Bottom-Half Processing One of the main problems with interrupt handling is how to perform longish tasks within a handler. Often a substantial amount of work must be done in response to a device interrupt, but interrupt handlers need to finish up quickly and not keep interrupts blocked for long. These two needs (work and speed) conflict with each other, leaving the driver writer in a bit of a bind. Linux resolves this problem by splitting the interrupt handler(ISR) into two halves. The top half is the routine that actually responds to the interrupt. The bottom half is a routine that is scheduled by the top half to be executed later, at a safer time.
But what is a bottom half useful for? The big difference between the top-half handler and the bottom half is that all interrupts are enabled during execution of the bottom half -- that's why it runs at a safer time. In the typical scenario, the top half saves device data to a device-specific buffer, schedules its bottom half, and exits: this is very fast. The bottom half then performs whatever other work is required, such as awakening processes, starting up another I/O operation, and so on. This setup permits the top half to service a new interrupt while the bottom half is still working.
Examples When a network interface reports the arrival of a new packet, the handler just retrieves the data and pushes it up to the protocol layer; actual processing of the packet is performed in a bottom half.

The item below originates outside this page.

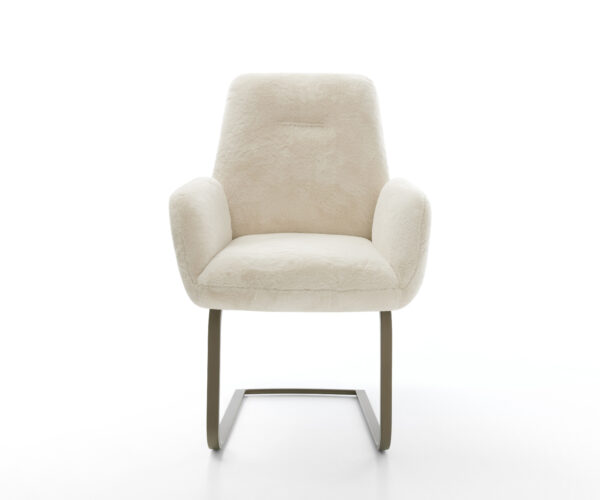 Ušlechtilý plyšový potah v jemné krémově bílé barvě dodává židli zvlášť elegantní charisma. Měkký povrch nabízí nejvyšší pohodlí při sezení – ideální pro moderní jídelní a obytné prostory s kvalitním vybavením.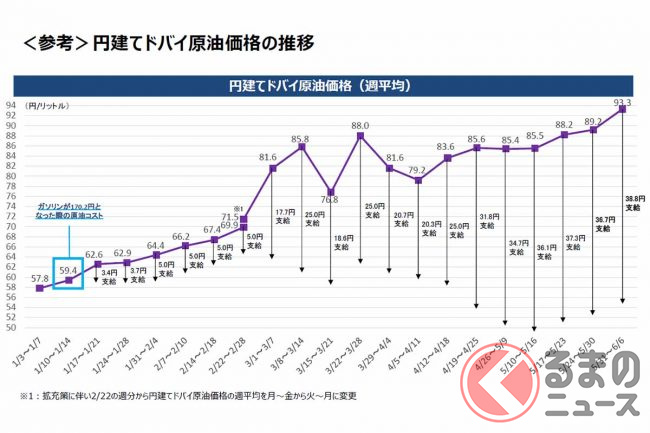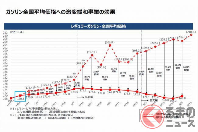 なお、経産省によると、補助金がない場合のレギュラーガソリンの全国平均小売価格は、6月6日時点で1リットル206.5円と算出しており、来週6月13日時点では210.6円になると見ています。

When a timer interrupt occurs, the handler just increments the jiffies counter; the updation of the other system timers is performed in a bottom half.
How to Divide Work? If the work is time-sensitive, perform it in the interrupt handler. If the work is related to the hardware itself, perform it in the interrupt handler. If the work needs to ensure that another interrupt (particularly the same interrupt) does not interrupt it, perform it in the interrupt handler. For everything else, consider performing the work in the bottom half. The quicker the interrupt handler executes, the better.

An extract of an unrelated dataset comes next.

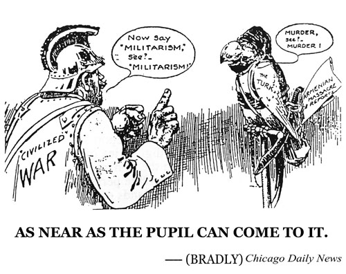Bu sayfada söz konusu basından yaptığımız küçük bir derlemeyi dikkatinize sunuyoruz. Punch (İngiltere), Simplicissium (Almanya), Chicago Daily News (ABD), Khatapala (Gürcistan) gazetelerinin sayfalarında; Oskar Shmerling, Thomas Theodore Heine, Luther Daniels Bradley, Oliver Herford, Bernard Partridge, Alexander Saroukhan gibi tanınmış ve okurun güvenini kazanmış çizerlerin belge niteliğindeki çizimleri bulunuyor.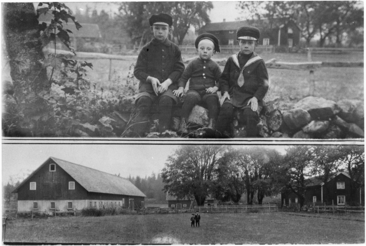 Text till fotografi: "Holger, Sven o Nils Neüman. Slättäng Vårkumla"

Kernel Contexts Code in the Linux kernel runs in one of three con- texts: Process Process context executes directly on behalf of a user process. All syscalls run in process context, for example. Interrupt. Interrupt handlers run in interrupt context. Bottom-half Softirqs, tasklets and timers all run in bottom-half context
Difference between Process Context and Interrupt Context Kernel code running in process context is preemptible An interrupt context is not preemptible; always runs to completion. Therefore code running in interrupt context cannot do the following: Go to sleep or relinquish the processor Acquire a mutex Perform time-consuming tasks Access user-space virtual memory.
Direct Memory Access (DMA) Using interrupt driven device drivers to transfer data to or from hardware devices works well when the amount of data is reasonably low. For high speed devices, such as hard disk controllers or ethernet devices the data transfer rate is a lot higher, up to 40 Mbytes of information per second.
DMA Direct Memory Access, or DMA, was invented to solve this problem. A DMA controller allows devices to transfer data to or from the system's memory without the intervention of the processor. A PC's DMA controller has 8 DMA channels of which 7 are available for use by the device drivers. Each DMA channel has associated with it a 16 bit address register and a 16 bit count register. To initiate a data transfer the device driver sets up the DMA channel's address and count registers together with the direction of the data transfer, read or write. It then tells the device that it may start the DMA when it wishes. When the transfer is complete the device interrupts the PC. Whilst the transfer is taking place the CPU is free to do other things.